Early California Unitarian preacher Thomas Starr King, whose role as a propagandist for Yosemite is discussed by Anderson, believed that landscape painters functioned as “artist-priests” who inspired viewers “to return to God’s original with heightened perception and increased awe.” In a simple formula, communion with nature was communion with God.

Bierstadt’s “Cho-looke, The Yosemite Fall” is, to begin with, very beautiful. Although representational, in an old-fashioned way at that, it has an expansive feeling. Like the best Abstract Expressionist paintings, it does not simply stop at the edges of the canvas. You can feel, if not see, that it extends forever and that it includes you. Campers in the mid-foreground give you a sense of scale. The scene is awesome, without, however, being intimidating. God’s nature includes man. The palpability of the earth, of animal and vegetable matter and their forms, dissolve into vapor and light in the far distance at the top of the falls. Realism dissolves into impressionism.

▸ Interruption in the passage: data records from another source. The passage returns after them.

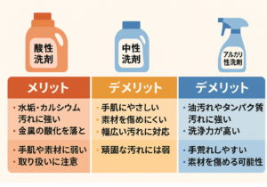 同じ“汚れ落とし”でも、洗剤の性質が合っていなければ汚れが落ちないどころか、素材を傷
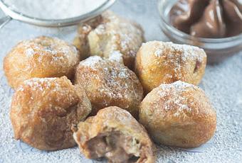 7. Con ayuda de una tijera cortamos un poco el buñuelo y lo rellenamos al gusto.
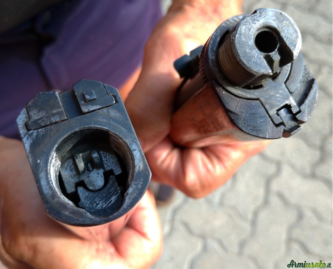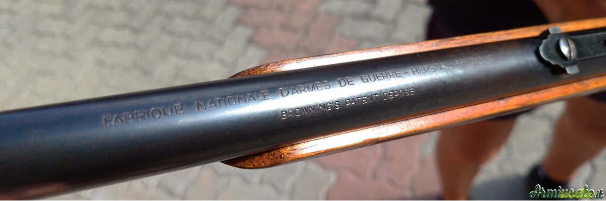Questa appartiene ai primi modelli prodotti, con sportello di caricamento delle cartucce sulla parte alta del calcio e marcata ancora FABRIQUE NATIONALE D’ARMES DE GUERRE HERSTAL – BELGIQUE.
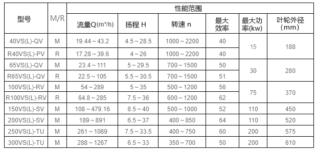VS/VSR型液下泵型谱
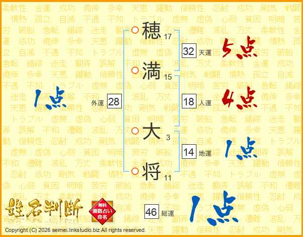 生活面を象徴する運勢です。外部から受ける影響力を表し、結婚運、家庭運や職場、環境への順応性を表します。総運から人運を引いた画数。姓や名が1文字の場合を除く。
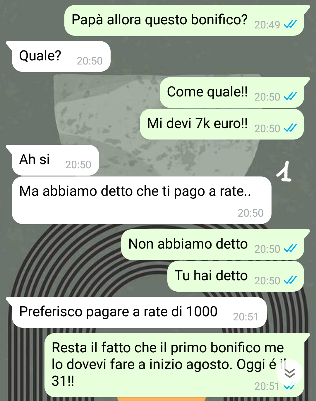Oggi io ho 31 anni, ho un lavoro, una compagna e una vita serena. Il mio padre biologico, che è in pensione da un po’, si è rifatto vivo a inizio anno per chiedermi un favore: voleva dei soldi..
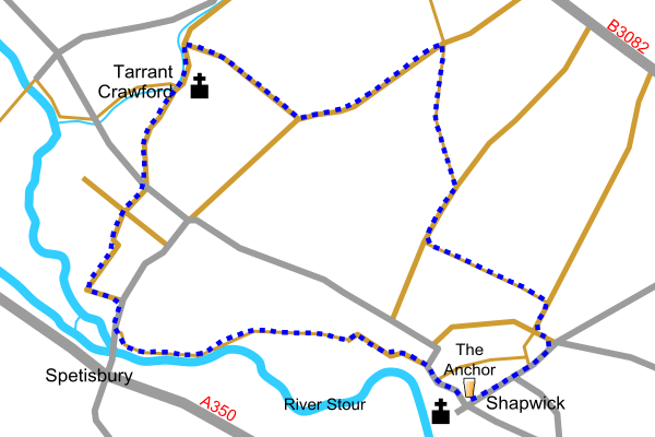 The Anchor @ Shapwick is sign posted off the B3082 between Blandford Forum and Wimborne Minster.
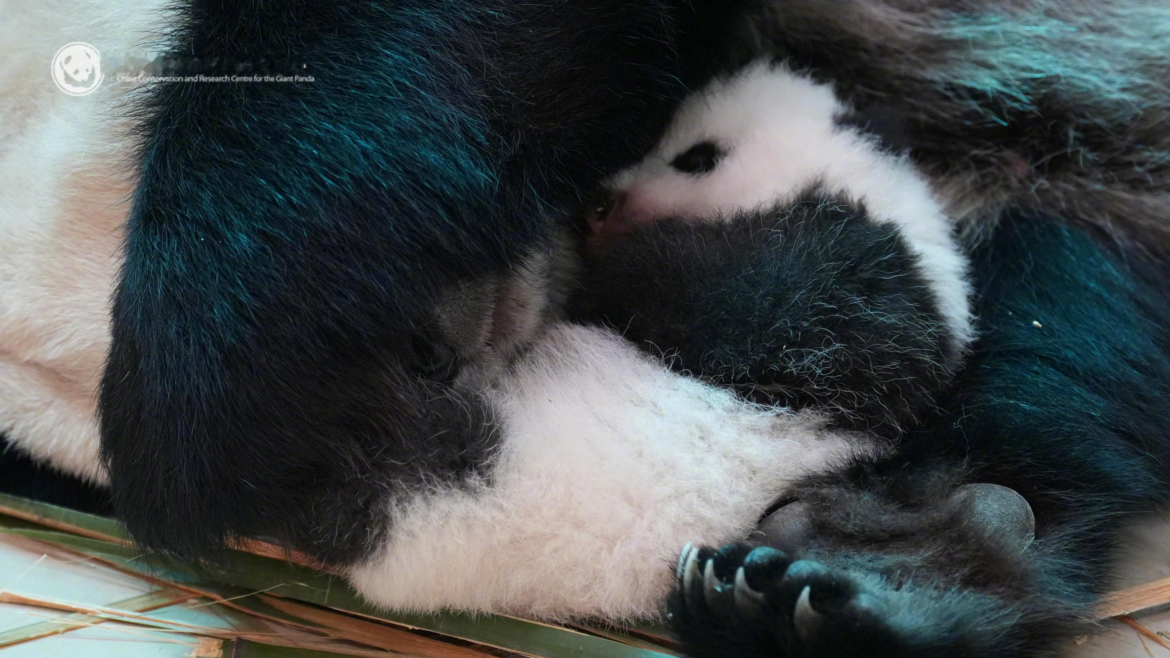 熊猫宝宝和妈妈脸贴脸睡觉好暖 在妈妈爱的守护下,“辰汐大崽”安然地睡着……(图源
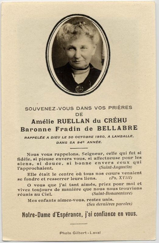 | Image mortuaire de Amélie Augustine Hippolyte Maarie Renée Ruellan du Créhu - Lamballe (22) - 30 octobre 1950. | 1 | 0 | 0 | June 15, 2019 - 10:55:37 a.m. |
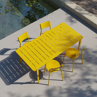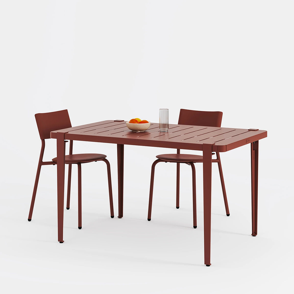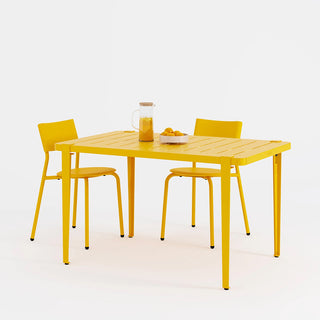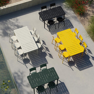Die MIDI-Kollektion ist die erste Outdoor-Möbelserie von TIPTOE, 100% in Europa hergestellt. Um die Langlebigkeit der Produkte zu gewährleisten, gibt es eine hochwertige Korrosionsschutzbehandlung für die Stahlelemente sowie eine UV-Schutzbehandlung für den recycelten Kunststoff der Stühle.
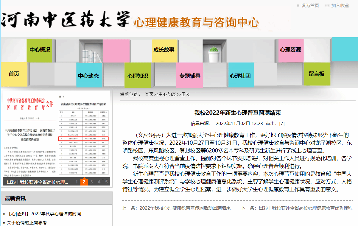 “润心”育人,宣传教育显成效。为有效化解同学们因疫情反复、线上教学、封控管理等带来的不良情绪,我校以心理健康教育宣传周为契机,陆续开展了“青春留影,影映心声”心理微电影比赛、“巧手出萌宠,趣意畅我心”校园手工萌宠比赛、“影如心像,微色追行”云观影等参与体验性活动。此外,通过“朋辈说”“心树洞”“心心语”等固定栏目,推出了多篇心理调适的相关推文。各学院、书院心理辅导站也结合当前形式,开展了心理素质拓展、写给祖国的三行情书、心理书签设计、心理漫画征集、心理手抄报和手工制作等形式多样的宣传教育活动,为同学们的封校生活增添了色彩,有效缓解了同学们在疫情防控期间的心理压力。
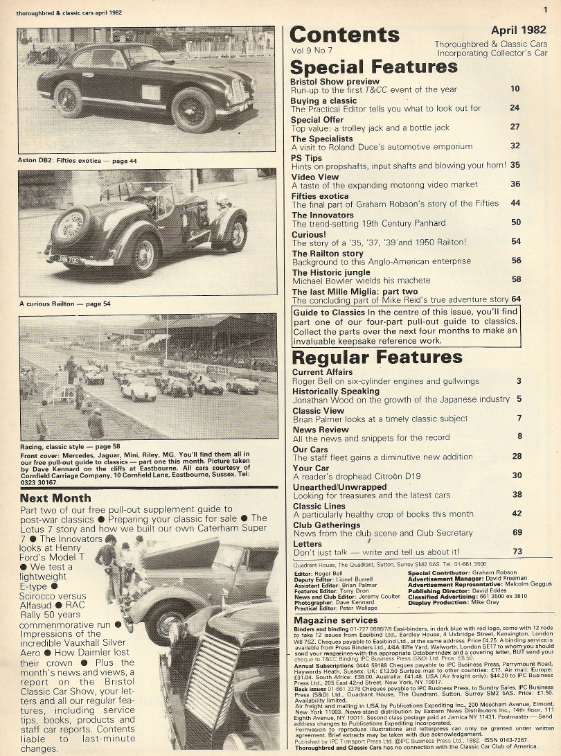 Reviews THOROUGHBRED & CLASSIC CARS 1982 APR - DB2,RAILTONs,D19
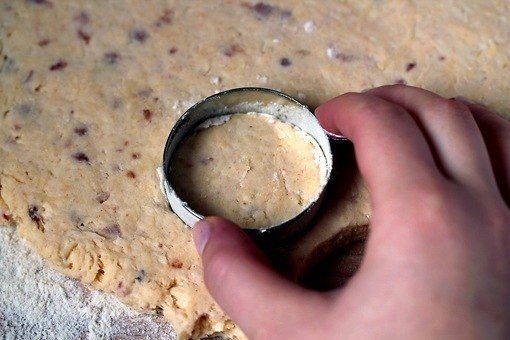 4. Готовое тесто нужно раскатать в лист примерно 1 см толщиной и порезать на любые фигурки. Это могут быть кружочки, рыбки, квадратики, треугольники и т. д. Готовое печенье выкладываем на противень и ставим на 15 минут в духовой шкаф при температуре 180°C.
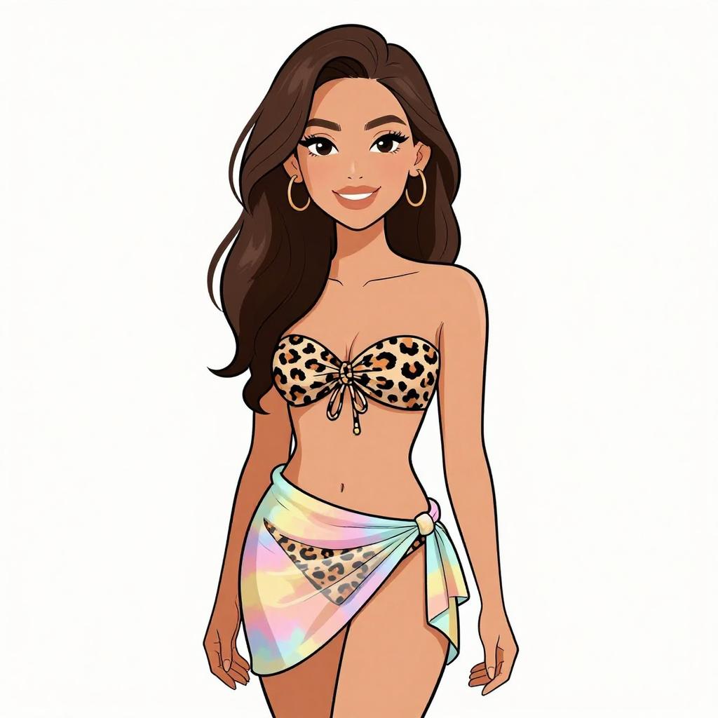 Digital illustration of a confident woman with long brown hair, wearing a blue bikini, large hoop earrings, and smiling, standing against a white background.

The exhibition includes five other paintings of Yosemite by Bierstadt, one of which, “Night at Valley View,” a study in near-monochromaticism with two contrasting kinds of light--the orange/red of a campfire and the white of the moon in the sky and reflected on water--has the feel of a contemporary abstraction.

Also included in the exhibition is the first known drawing of Yosemite Falls (1855), a work by ‘49er Thomas Almond Ayres, used, with modifications, for a lithographic reproduction in “Hutchings’ California Magazine,” a copy of which is on view.

Bierstadt’s achievement is made appreciable through comparison with the works of other artists in the show. George Henry Burgess reduces the grandeur of the scene, making it stiff and lifeless. James David Smillie domesticates it.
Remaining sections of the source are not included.